Hacker News new | ask | show | jobs
by stubish 12 days ago
The article doesn't mention the biggest problem with serializable isolation. At every commit, you need handle the possibility of a serialization exception and retry the transaction. Traditionally devs and frameworks don't, so your application works fine during development and staging but starts failing under load. It makes commit failures normal, rather than an 'oh shit' problem because your disk has filled or someone has tripped over a network cable.

And how do you retry transactions? Then you hit another issue when using multiple datastores, where you need to learn about two-phase commit and the joys of manually keeping datastores in sync that don't support it (eg. filesystems).

And the locks, if you dare run batch updates along with web requests. The long running transactions lock everything they read, blocking short transactions. Because that is exactly what you asked for.

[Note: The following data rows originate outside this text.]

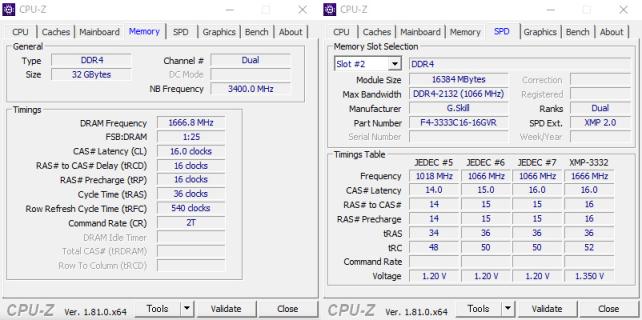 メモリは、DDR4-3333 16GBx2=32GBを搭載しています。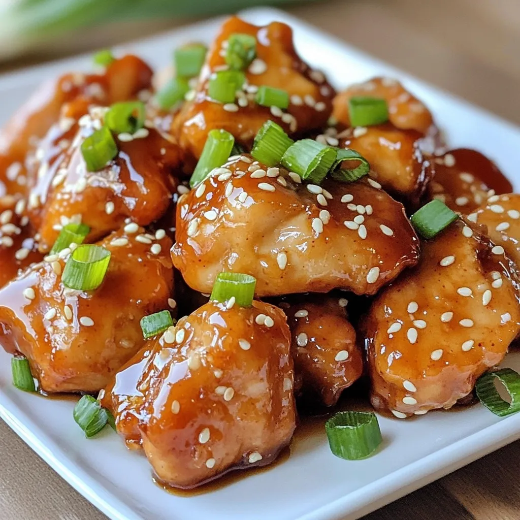 - 1 lb (450g) chicken breast, cut into bite-sized pieces - 1/4 cup honey - 1/4 cup soy sauce (low sodium) These main ingredients make the dish shine. Chicken breast gives you juicy bites. Honey adds sweetness and a lovely glaze. Soy sauce brings depth and saltiness that balances the honey. - 3 cloves garlic, minced - 1 tablespoon grated fresh ginger - 1/4 teaspoon black pepper Garlic gives a robust flavor. Fresh ginger adds a warm spice. Black pepper rounds out the taste with its subtle heat. Together, these flavorings create a delicious base. - 1/4 teaspoon sesame seeds (for garnish) - 2 green onions, chopped (for garnish) Garnishes are key for presentation. Sesame seeds add crunch and visual appeal. Green onions bring a fresh taste and vibrant color to your dish. {{ingredient_image_1}} First, you will make the marinade. In a medium bowl, whisk together the following ingredients: - 1/4 cup honey - 1/4 cup soy sauce (low sodium) - 3 cloves garlic, minced - 1 tablespoon grated fresh ginger - 1 tablespoon cornstarch - 1/4 teaspoon black pepper Whisk until smooth. The cornstarch helps thicken the sauce later. Next, place the chicken pieces in a resealable bag or a bowl. Pour the marinade over the chicken. Make sure all pieces are coated well. Seal the bag or cover the bowl. Refrigerate for at least 30 minutes. For the best taste, marinate for up to 2 hours. Now, heat 2 tablespoons of vegetable oil in a large skillet over medium-high heat. Once the oil is hot, add the marinated chicken pieces to the pan. Remember to save the marinade for later. Cook the chicken for about 5 to 7 minutes. Turn the chicken pieces occasionally. They should be golden brown and fully cooked. After the chicken is cooked, pour the reserved marinade into the skillet. Bring it to a simmer over medium heat. Allow the sauce to bubble for about 3 to 5 minutes. This simmering helps the sauce thicken and become sticky. Once done, the sauce should coat the chicken beautifully. Remove the skillet from heat and let the chicken cool for one minute before serving. To get that perfect sticky glaze, use cornstarch. Cornstarch helps thicken the sauce. This gives it a rich and glossy finish. Add the cornstarch when you mix the marinade. This step is key for that sticky texture you want. Adjust your cooking time too. If your heat is too high, the sauce may burn. Cook it slowly to let the glaze develop nicely. Marinating is important for flavor. I suggest marinating for at least 30 minutes. For even better taste, let it sit for up to 2 hours. This allows the chicken to soak up all the yummy flavors. Use a resealable plastic bag for easy mixing. You can also use a bowl with a lid. Just make sure all the chicken gets coated well. For a nice presentation, serve the chicken on a big platter. Drizzle any extra sauce over the top. Garnish with sesame seeds and chopped green onions. This adds color and crunch. Pair the chicken with steamed rice or a fresh salad. These sides balance the meal and make it more filling. Pro Tips Perfect Marinade Time: Allow the chicken to marinate for at least 2 hours to enhance the flavor; overnight is even better! Thickening the Sauce: If you prefer a thicker sauce, add a little more cornstarch mixed with water to the simmering marinade until you reach your desired consistency. Cooking Temperature: Ensure your skillet is hot enough before adding the chicken; this will help achieve a nice golden crust. Serving Suggestions: These chicken bites pair well with steamed jasmine rice or a fresh green salad for a balanced meal. {{image_2}} You can change the sweetener if you want. Maple syrup or agave can work instead of honey. Both add a nice flavor. For proteins, you do not have to use chicken. You can swap it for tofu, pork, or even beef. Each option gives a new taste to the dish. Want some heat? Add chili flakes or sriracha to your sauce. This spice will give your chicken a kick. If you like citrus, try adding orange juice or lime juice. This will add brightness to the flavor. Both adjustments make the dish exciting and fun. You can make these chicken bites for meal prep. Just cook a big batch and store the extras. Use airtight containers to keep them fresh. If you want to freeze leftovers, place them in freezer bags. Be sure to remove air from the bags. When you are ready to eat, thaw them in the fridge overnight. Reheat them in a skillet for the best texture. Leftover Honey Garlic Sticky Chicken Bites last for up to three days in the fridge. To keep them fresh, place the chicken in an airtight container. Make sure the lid is on tight. This helps prevent air from drying out the chicken or altering its flavor. You can freeze these chicken bites for up to three months. First, allow the chicken to cool completely. Then, put them in a freezer-safe bag. Try to remove as much air as you can before sealing. This helps avoid freezer burn. When you're ready to eat, thaw the chicken bites in the fridge overnight. This keeps them juicy and tasty. To reheat, use a skillet over medium heat. Add a splash of water to keep the chicken moist. Cover the skillet with a lid. This helps steam the chicken and makes it sticky again. Heat for about 5-7 minutes or until warmed through. Avoid using a microwave, as it can dry out the chicken. Enjoy your tasty bites just like they were fresh! I recommend marinating the chicken for at least 30 minutes. For the best flavor, aim for 2 hours. This allows the chicken to soak up all the tasty honey and garlic. You can use a resealable bag or a bowl. Just make sure to coat every piece well with the marinade. Yes, you can make Honey Garlic Sticky Chicken Bites ahead of time. You can marinate the chicken the night before and store it in the fridge. When you're ready to cook, just heat the oil and follow the steps. If you have leftovers, you can reheat them in a skillet for a few minutes. This keeps them warm and sticky. These chicken bites pair well with many sides. Steamed rice is a classic choice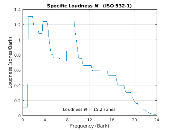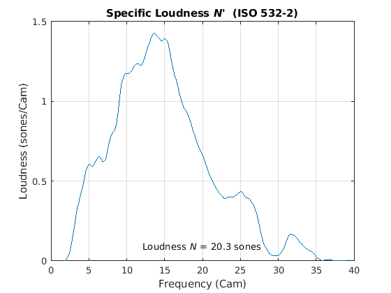 ISO 532-2 сообщает об особой громкости по шкале ERB, где 1.8:0.1:38.9 интервалы ERB. Модуль измерения шкалы ERB иногда упоминается как Cam. Преобразуйте интервалы ERB в Гц, а затем постройте график определенной громкости.
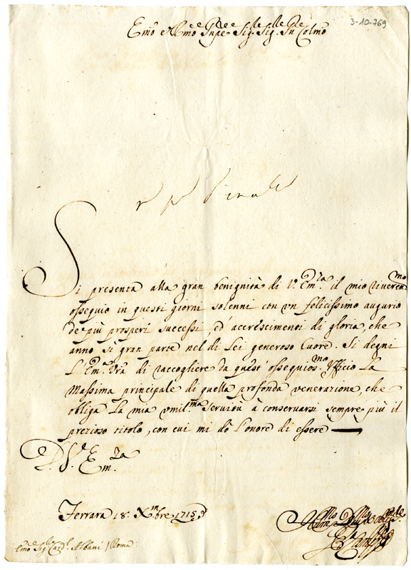 Lettera al cardinale Annibale Albani (1715 dicembre 18)

Again, you will miss this during development and only notice under load.

So sure, you might avoid some data consistency issues if your data model and update patterns hit the edge cases. In practice, the reason details about serializable are not well known is the cases are rare. Using it gives you safety (maybe that rare case is your case!), but everything needs to be carefully designed around it.

4 comments

A bigger issue is scalability. Note that this blog post claims YugabyteDB uses serializable as the default isolation level, but if we look at the latest version of their docs it seems they backed off that and at some point the default became snapshot isolation, and then they backed off again and for new databases the default is read committed i.e. the same as Postgres and Oracle:

https://docs.yugabyte.com/stable/explore/transactions/isolat...

So they do allow write skew anomalies.

This happens because serializability requires the database to track every read and intersect them with every write, meaning every node in a distributed cluster must be aware of what every other node is doing. That hurts scalability and performance badly; it's one reason Oracle doesn't support true serializability (the other being that almost no existing DB backed apps can tolerate transaction aborts, as you observe).

There are other issues too. With pessimistic locking you can get deadlocks, but if you deadlock your app the database can detect that and get it moving again by rolling one of the transactions back. It surfaces to the user as a bug that they can easily monitor for and diagnose. With optimistic locking+retry, which serializability basically requires, you can get livelock. Livelock is terrible, the cluster appears to be busy doing useful work but just gets slower and slower. There's not good ways to automatically detect it, at least not in any app framework I've ever encountered.

Disclosure: in the Oracle DB group, opinions are my own and not that of the company. I actually argue with my manager about this topic sometimes, lol.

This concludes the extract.